The call within the Australian labour movement for the legislative adoption of ILO Conventions by the Federal government is not only aimed to oust some of the anti-union features of State legislation. The use of ILO Conventions to establish industrial rights in Australian law also flared up after the Victorian Supreme Court ruled several years ago in dealing with the air pilots dispute, that there is no legal right to strike. There were calls for the Australian government to legislate to apply ILO Conventions 87 and 98 so that the common law tort against strike action could be replaced by the right of unions to take industrial action. This kind of talk became suddenly relevant in the second part of 1992 when the Federal government proposed to adopt a number of ILO Conventions as part of sweeping industrial relations reforms. The Federal government believed that with the support of the ACTU this was the way to beat Jeff Kennett’s anti-union 1992 Victorian Industrial Relations Act. The old consensus represented in terms like the ‘industrial relations club’ is now over. Indeed the employers are reported to be considering going to the Freedom of Association Committee of the ILO, to seek the striking down of legislation wherever it exists in Australia supporting compulsory conciliation and arbitration. As new labour laws are being prepared some have wondered whether ILO Conventions might actually prevent the continuation of compulsory conciliation and arbitration, and would be used to strike down the 10,000 rule as to the registration of organisations, would prevent union monopoly rights in industrial negotiations and undermine the binding impact of the award system. Accordingly, there has been a rethinking as to the worth of the ILO Conventions. Is it too much of a headache to contemplate?

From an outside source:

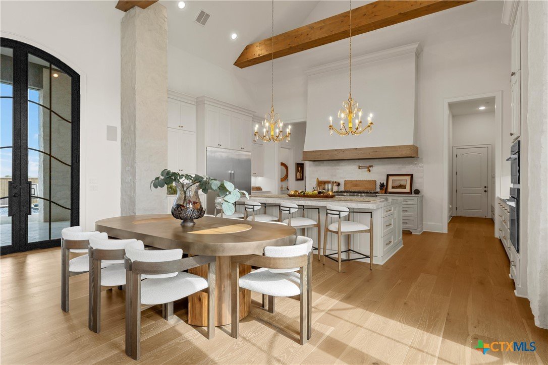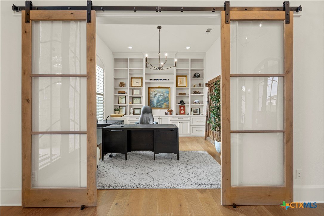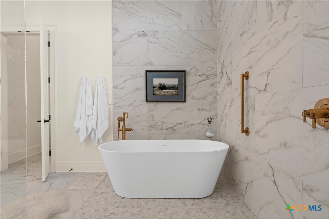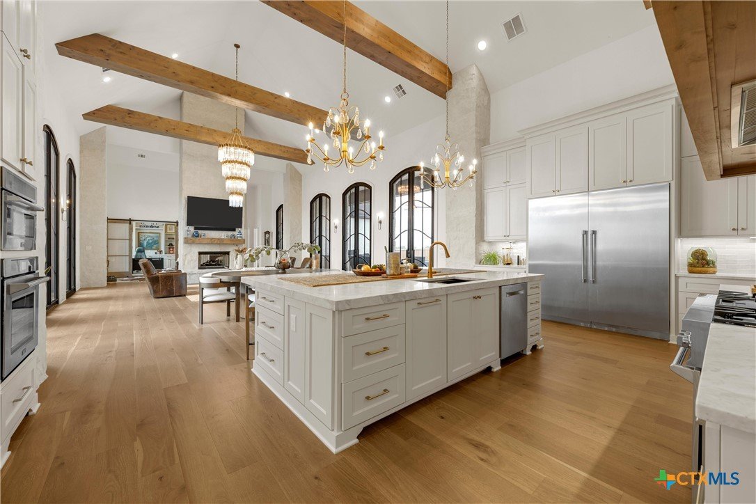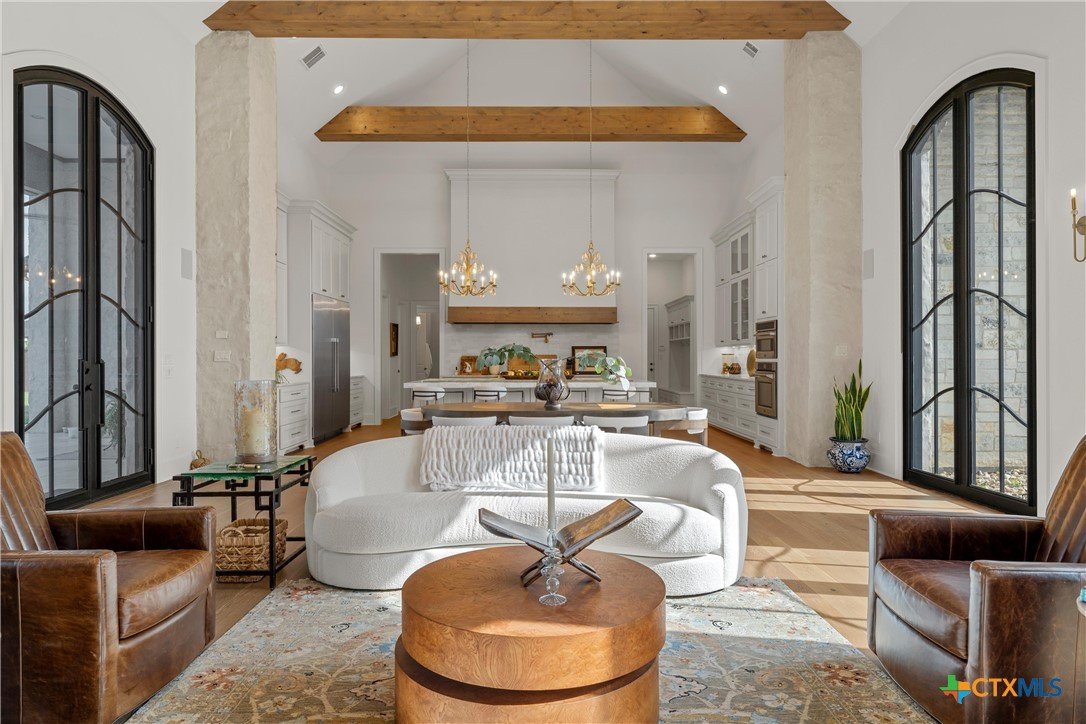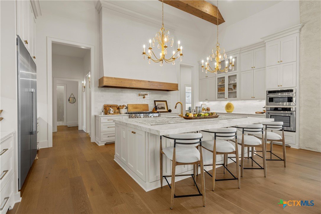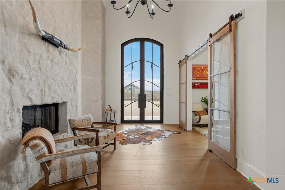 Experience unparalleled elegance and sophistication in this stunning Global Luxury residence nestled in Lorena ISD. With 4 spacious bdrms, 4.5 luxurious baths, and an expansive 3-car garage, this home offers a seamless blend of comfort and opulence. One bedroom has efficiency kitchen and can double as a mother-in-law suite or gameroom. The interior boasts a striking barrel ceiling, highlighting the home's architectural flair. The double-sided fireplace provides a perfect blend of warmth and style, creating an ideal ambiance for lavish gatherings or quiet evenings. A separate study offers a serene space for productivity or reflection. 12' tinted windows & doors create such drama and bring in the perfect amount of light. The exquisite kitchen features 30in Thermador Refrigerator and Freezer, ZLine Gas Range with double oven, pot filler, convection microwave, and separate wall oven. The large island is where everyone gathers! There is a separate walk through pantry with additional fridge and sink. The 2nd laundry room is spacious with lots of storage. The primary suite is a sanctuary of its own, featuring a cozy fireplace and double doors that open onto a private path leading to the hot tub and pool. The primary bathroom features 2 expansive walk-in closets, with one offering washer dryer connections. Indulge in the spa-like atmosphere of the garden tub and the walk-in shower equipped with dual showerheads. Dual vanities enhance the sense of luxury, offering plenty of space for everyday routines. The exterior is equally impressive, with stone and German schmear siding exuding timeless appeal. A thoughtfully designed lighted pathway leads you to the grand main entrance. The outdoor space is an entertainer’s delight, featuring a covered patio that seamlessly transitions to a built in outdoor grilling area, hot tub, and sparkling pool, perfect for alfresco dining and entertaining under the Texas stars.

For some of us familiar with Japanese labour movement’s history there are some eerie comparisons. (An appendix compares the two countries’ ILO ratification record.) Although the Japanese government endorsed the ILO’s Convention 98 in 1953, it has hesitated about endorsing ILO Convention 87 until the mid-1960s. Partly this was because the latter Convention would affect public sector industrial relations in significant ways. The ICFTU and the Japanese trade union centres lodged complaints with the ILO that led to an inspection by an ILO mission of the Japanese industrial relations system in 1964. Earlier in the decade fierce demonstrations were organised by Japanese trade Unions in favour of the government modernising its labour laws consistent with ILO conventions. That inspection, as well as various ILO conferences in the early part of the 1960s, chided the Japanese government for not allowing full rights to bargain and to organise consistent with ILO Convention 87 and other ILO Conventions. Without going into the details of all that happened in the ’60s (there are various articles in the bibliography that outline some of this), the Japanese government decided to allow legislation insistent with ILO Convention 87 but it would not adopt all that the Japanese unions wished such as utilising some of the conditions of other ILO conventions to limit the right to strike in some sections of the public service, including essential services, and the private sector relevant to essential services, and limit the rights of unionists to recruit supervisory and managerial employees who are excluded by some of the ILO Conventions. One upshot of the 1965 industrial relations reforms was hardly what the unions had expected and led to significant organising difficulties, some of them crippling in some industries, for the trade union movement. So it pays to study what happened in Japan thirty years ago.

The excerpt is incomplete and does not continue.